The way we treat animals in shelters and pounds is awful. They cannot take all of these animals in and support them because they do not have the funds to do so. Some shelters have begun using a gas chamber as opposed to Euthanasia. It can sometimes take up to 20 minutes of agony for these animals to die. In other parts of the world they will shove dogs and other animals in trash compacters because it is cheaper. Animals that families cannot support will often be fed a piece of food laced with poison or other chemicals or they will be shot.

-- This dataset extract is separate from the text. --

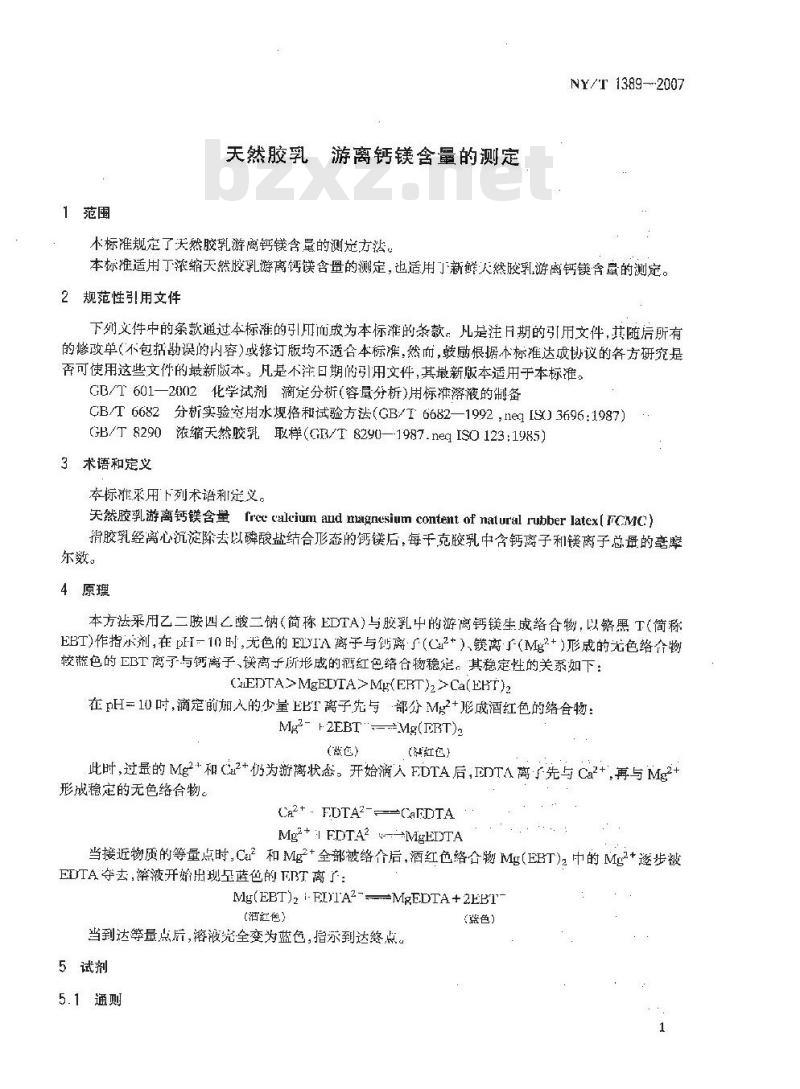 - NY/T 1389-2007 天然胶乳 游离钙镁含量的测定

Animals that we use for clothing are treated just as badly. The cows from India that we use for leather are bought from with their owners with the promise that they will live the rest of their lives on farms, when in fact what the people who buy them will do is walk them through the barren conditions of the land to get them loaded into trucks for slaughter. Often times these animals become so weak from dehydration and lack of food that they will collapse or be unable to move on. When this happens, in an effort to keep them moving, they will snap sections of the animal’s tails or beat them with switches to try to get them back up on their feet. If the animal collapses before it is loaded onto the truck, they will beat it one last time to try to get it up or, if that fails, they will slaughter the animal there.

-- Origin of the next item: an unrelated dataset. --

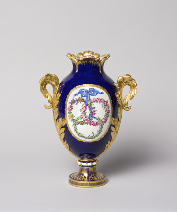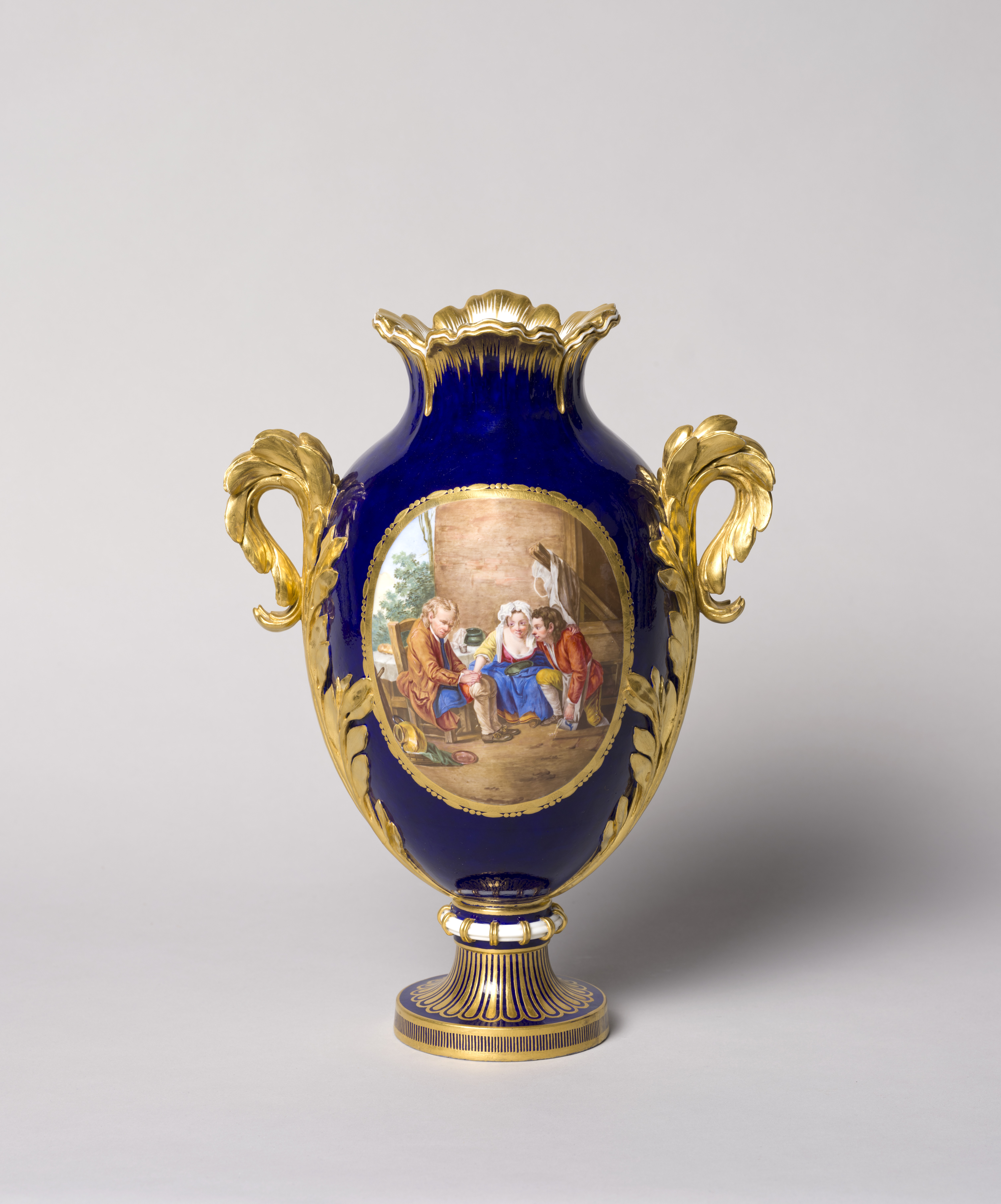 The sumptuous blue surface, gilded leaf-handles, and delicate painting of these ornamental vases exemplify the Sevres factory's mastery of porcelain making in the mid 18th-century. Rimmed in gold, the top opening resembles precious shells while the handles seem to have been formed by encasing myrtle leaves in gold. The vases bear narrative scenes based on compositions by the French painter Jean-Baptist Greuze (1725-1805). Mommy (La Maman), shows a mother trying to feed her younger son while the older one grabs at the spoon intended for his brother.

Animals that we use for laboratory testing are unnecessarily treated horribly and purposely inflicted pain upon. Monkeys are used for to test trauma injuries in car crashes. They will have their heads strapped into a helmet and it will be thrust at a 45 degree angle and after they do this they will staple the animals head back together until it is healed.

In conclusion, all I want to say is “I don’t care if you eat meat, I only want you to understand how animals are treated in this day and age.”